Spirite

Hervé Lénervé

J’aime bien me mettre nu devant mon clavier, sans une idée en tête, comme d’hab. quoi !

Premièrement, j'expire longuement en me vidant la tête de toutes pensées, même des bonnes. De toute façon bonnes ou mauvaises, ça tombe bien, j'n'en avais pas ! Y'a de la place là-dedans, on n'entend que le vent qui joue aux courants d'air, l'air de rien. Si l'air de quelque chose, quand même, il joue au tennis avec lui-même. Eh, il est rapide l'air, il voyage à la vitesse du vent quand y'en a. Mais ça ne suffit pas et y'a toujours trop de place, il faudrait qu'il joue au foot, mais même pour l'air, ça fait beaucoup de joueurs à inspirer, mine de rien, d'autant plus qu'il parait que chez les professionnels, ce ne sont pas des lumières. Enfin bref, moi ce que j'en dis, je ne suis pas professionnel, pas joueur vétéran, pas ballon et j'n'aime pas le foot... alors !  

Justement, alors, d'où peuvent bien sortir tous ces mots que vous lisez en ce moment sans différé ? Assurément pas de moi, ça c'est sûr, je vous le promets ! Je suis vierge d'idées, j'n'risque pas d'enfanter quoi que ce soit que ce fut ou l'inverse.

On va dire que ça parle, il se peut que ce soit la voix de mes ancêtres qui soufflent à mes doigts fiévreux leur droit légitime à s'exprimer par mon clavier miraculeux (c'est pour la rime, quoique j'aurais pu mettre « crasseux » aussi et je n'aurais pas menti).

Putain, mais je suis un spirite, moi ! Je suis le médium sans esprit des esprits sans vie.

Le problème, c'est que je ne connais pas mes ascendants, jamais eu la curiosité de me renseigner. Remarquez que vu, ce que je lis de leurs écrits sous mon nom (c'est un palindrome, je précise pour ceux qui ne maîtrise pas encore totalement la paléontologie), j'ai bien fait, il n'y avait que de grands malades dans ma famille, ou quoi !

Roland Barthes, un des derniers grands intellectuels de ce Monde, mais avec une sale gueule, quand même, dit... Ah, il est mort lui aussi, c'est pour ça qu'il ne disait plus rien, alors !

Enfin, avant de mourir il disait : « AREUFFEuuureufff... » Non, un peu avant alors, il disait : « D'où parles-tu, toi ? » Ça vous parle, ça ? Moi, en tout cas, ça me va et j'aurais pu lui répondre à l'aise dans mes sabots, s'il avait fait l'effort de me le demander : « Certainement pas de moi !» j'ai une pensée atavique, ce qui me dispense d'en avoir une propre à moi-même.

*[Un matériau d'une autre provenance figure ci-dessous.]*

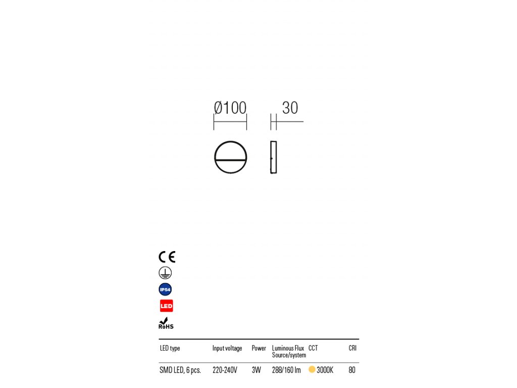 Vonkajšie nástenné svietidlo vhodné ako orientačné osvetlenie na fasádach a stenách okolo domov, chodníkov, altánkov alebo garáží. Dostatočne osvetlí plochu pod sebou a zaručí tak bezpečnosť na schodisku alebo okolo chodníka. SMD LED zdroje sú ukryté v hliníkovom tele. Sklenený kryt v plochom tele smeruje prúd svetla iba dole a neoslňuje tak okolie. Svietidlo sa montuje priamo na fasádu a nepotrebuje vlastnú inštalačnú škatuľu. LED zdroje aj transformátor sú súčasťou produktu a nedajú sa vymeniť.Dodatočné parametre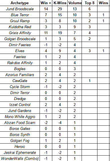 In the grand scheme of things – that is when I write my season recap – this one tournament will not have as large an impact on the information. But here it can have an outsized effect. The records serve to drag the worse decks down and make the strategies at the top of the standings seem slightly better than they may have been in actuality. Please keep that in mind when we examine the results.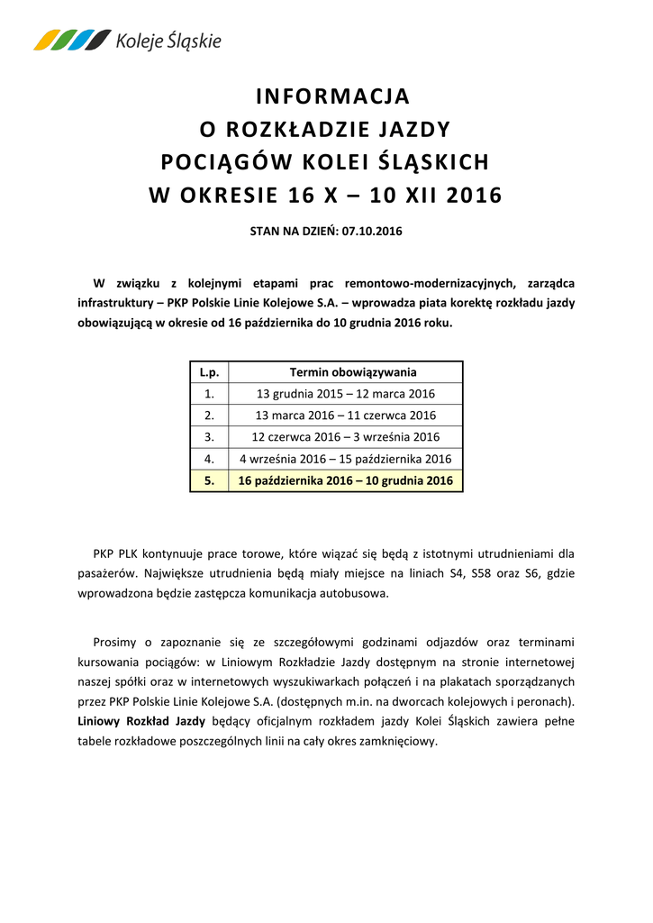 INFORMACJA O ROZKŁADZIE JAZDY POCIĄGÓW KOLEI ŚLĄSKICH W OKRESIE 16 X – 10 XII 2016 STAN NA DZIEŃ: 07.10.2016 W związku z kolejnymi etapami prac remontowo-modernizacyjnych, zarządca infrastruktury – PKP Polskie Linie Kolejowe S.A. – wprowadza piata korektę rozkładu jazdy obowiązującą w okresie od 16 października do 10 grudnia 2016 roku. L.p. Termin obowiązywania 1. 13 grudnia 2015 – 12 marca 2016 2. 13 marca 2016 – 11 czerwca 2016 3. 12 czerwca 2016 – 3 września 2016 4. 4 września 2016 – 15 października 2016 5. 16 października 2016 – 10 grudnia 2016 PKP PLK kontynuuje prace torowe, które wiązać się będą z istotnymi utrudnieniami dla pasażerów. Największe utrudnienia będą miały miejsce na liniach S4, S58 oraz S6, gdzie wprowadzona będzie zastępcza komunikacja autobusowa. Prosimy o zapoznanie się ze szczegółowymi godzinami odjazdów oraz terminami kursowania pociągów: w Liniowym Rozkładzie Jazdy dostępnym na stronie internetowej naszej spółki oraz w internetowych wyszukiwarkach połączeń i na plakatach sporządzanych przez PKP Polskie Linie Kolejowe S.A. (dostępnych m.in. na dworcach kolejowych i peronach). Liniowy Rozkład Jazdy będący oficjalnym rozkładem jazdy Kolei Śląskich zawiera pełne tabele rozkładowe poszczególnych linii na cały okres zamknięciowy. S4 Tychy Lodowisko – Tychy – Katowice – Sosnowiec Główny Z powodu kontunuowania prac związanych z naprawą podtorza na odcinku Katowice Ligota – PODG Mąkołowiec w całym okresie zamknięcia ruch pociągów pomiędzy stacjami Tychy i Katowice Ligota będzie odbywał się po jednym torze. W związku z tym za część pociągów zostanie wprowadzona autobusowa komunikacja zastępcza (kursy przyspieszone pomiędzy stacjami Katowice i Tychy Lodowisko, bez postojów na stacjach pośrednich), ponadto kilka połączeń będzie kursowało w skróconej relacji pomiędzy stacjami Tychy Lodowisko i Tychy z przesiadkami na pociągi innych linii. Szczegóły w tabelach poniżej: ZKA w kierunku do Katowic: L.p. Nr pociągu Trasa i godziny kursowania termin kursowania 1. 44294 Tychy Lodowisko 5:45 - Katowice 6:25 Ⓓ 2. 44316 Tychy Lodowisko 6:23 - Katowice 7:03 Ⓓ 3. 44288 Tychy Lodowisko 7:00 - Katowice 7:40 Ⓓ 4. 44148 Tychy Lodowisko 7:14 - Katowice 7:54 Ⓒ 5. 44196 Tychy Lodowisko 8:17 - Katowice 8:57 Ⓓ 6. 44320 Tychy Lodowisko 9:20 - Katowice 10:00 Ⓓ 7. 44156 Tychy Lodowisko 9:25 - Katowice 10:05 Ⓒ 8. 44158/44322 Tychy Lodowisko 11:15 - Katowice 11:55 ①-⑦ 9. 44338 Tychy Lodowisko 13:20 - Katowice 14:00 Ⓓ 10. 40932 Trasa ZKA: Tychy Lodowisko 14:03 - Katowice 14:43 Trasa pociągu: Katowice 14:54 - Sosnowiec Główny 15:04 Ⓓ 11. 44290 Tychy Lodowisko 15:15 - Katowice 15:55 Ⓓ 12. 44204 Tychy Lodowisko 16:05 - Katowice 16:45 Ⓓ 13. 40940 Trasa ZKA: Tychy Lodowisko 16:29 - Katowice 17:09 Trasa pociągu: Katowice 17:13 - Sosnowiec Główny 17:23 Ⓓ 14. 44340 Tychy Lodowisko 17:10 - Katowice 17:50 Ⓓ 15. 44324 Tychy Lodowisko 18:55 - Katowice 19:35 Ⓓ ZKA w kierunku do Tychów Lodowiska: L.p. Nr pociągu Trasa i godziny kursowania termin kursowania 1. 40915 Katowice 7:20 - Tychy Lodowisko 8:00 Ⓓ 2. 40937 Katowice 12:20 - Tychy Lodowisko 13:00 Ⓒ 3. 44327 Katowice 12:50 - Tychy Lodowisko 13:30 Ⓓ 4. 44063 Trasa pociągu: Sosnowiec Główny 13:34 - Katowice 13:45 Trasa ZKA: Katowice 13:50 - Tychy Lodowisko 14:30 Ⓓ 5. 44155 Katowice 14:40 - Tychy Lodowisko 15:20 Ⓒ 6. 40939 Katowice 15:17 - Tychy lodowisko 15:57 Ⓓ 7. 44329 Katowice 15:50 - Tychy Lodowisko 16:30 Ⓓ 8. 40943 Katowice 16:13 - Tychy Lodowisko 16:53 Ⓓ 9. 44293 Katowice 16:50 - Tychy Lodowisko 17:30 Ⓓ 10. 44343 Katowice 17:08 - Tychy Lodowisko 17:48 Ⓓ 11. 44161 Katwice 17:10 - Tychy Lodowisko 17:50 Ⓒ 12. 44333 Katowice 17:22 - Tychy Lodowisko 18:02 Ⓓ 13. 44331 Katowice 18:15 - Tychy Lodowisko 18:55 Ⓓ 14. 44337 Katowice 18:35 - Tychy Lodowisko 19:15 Ⓓ 15. 44345 Katowice 19:20 - Tychy Lodowisko 20:00 Ⓓ Lokalizacja przystanków ZKA: Katowice: Przystanek autobusowy „Andrzeja Dworzec”- przy Placu Oddziałów Młodzieży Powstańczej, Tychy Lodowisko: Przystanek MZK Tychy Lodowisko przy ul. Wyszyńskiego. Skrócone relacje: L.p. 1. 2. 3. 4. 5. 6. 7. 8. L.p. 1. 2. 3. 4. 5. 6. 7. Nr pociągu S5 S5 S5 S5 S5 S5 S6 S5 44186 44138 44192 49602 44194 49704 44106 49604 40922 44118 44200 49810 44110 44072 40948 49620 Nr pociągu S5 49711 40907 S5 49801 40911 S5 49713 40921 S5 44189 40919/21 S5 49617 40929 S5 49721 40935 S6 49341 40945 Trasa i godziny kursowania termin kursowania Tychy Lodowisko 4:56 - Tychy 5:05 Tychy 5:10 - Katowice 5:31 Tychy Lodowisko 6:13 - Tychy 6:23 Tychy 6:27 - Katowice 6:44 Tychy Lodowisko 7:21 - Tychy 7:30 Tychy 7:44 - Katowice 8:02 Tychy Lodowisko 8:00 - Tychy 8:09 Tychy 8:27 - Katowice 8:46 Tychy Lodowisko 11:52 - Tychy 12:02 Tychy 12:09 - Katowice 12:29 Tychy Lodowisko 14:28 - Tychy 14:38 Tychy 14:44 - Katowice 15:04 Tychy Lodowisko 15:40 - Tychy 15:49 Tychy 15:59 - Katowice 16:19 Tychy Lodowisko 18:36 - Tychy 18:45 Ⓓ Tychy 18:51 - Katowice 19:11 Ⓓ Ⓓ Ⓒ ①-⑦ Ⓓ Ⓒ Ⓓ Trasa i godziny kursowania termin kursowania Katowice 5:17 - Tychy 5:40 Tychy 5:46 - Tychy Lodowisko 5:55 Ⓓ Katowice 6:32 - Tychy 6:53 Tychy 6:59 - Tychy Lodowisko 7:08 Ⓓ Katowice 8:32 - Tychy 8:55 Tychy 9:02 - Tychy Lodowisko 9:12 Ⓒ Katowice 8:32 - Tychy 8:55 Tychy 9:08 - Tychy Lodowisko 9:18 Ⓓ Katowice 12:30 - Tychy 12:51 Tychy 12:58 - Tychy Lodowisko 13:09 Katowice 14:23 - Tychy 14:44 Tychy 14:50 - Tychy Lodowisko 15:00 Ⓓ Katowice 16:23 - Tychy 16:45 Ⓒ Tychy 16:52 - Tychy Lodowisko 17:02 Ⓓ S5 Katowice – Tychy – Pszczyna – Bielsko-Biała Główna – Żywiec – Zwardoń Do końca zamknięcia pociąg 49501 REKSIO będzie kursował w skróconej relacji ze stacji Tychy. Dojazd z Katowic zostanie zapewniony pociągiem innej linii, z uwzględnieniem czasu koniecznego na przesiadkę pomiędzy składami. Szczegóły odnośnie ww. informacji oraz pełny rozkł

Donc, vous ne pouvez en aucun cas, me critiquer sur mes sales pensées sadicoperverses, je n'y suis pour rien, ce sont mes ascendants, comme dirait Hollande. Je suis l'innocence incarnée, sans aucun soupçon de présomption de culpabilité, ni de cors aux pieds.

Si tu n'as rien compris à ce qu'ils  viennent d'écrire mes aïeux, alors, dis-toi bien, qu'on est deux, mon vieux. C'est toujours mieux de ne pas se sentir seul dans ce vaste Monde.

Pour finir en finale fatale, si les morts parlaient, ça radoterait ferme dans les cimetières.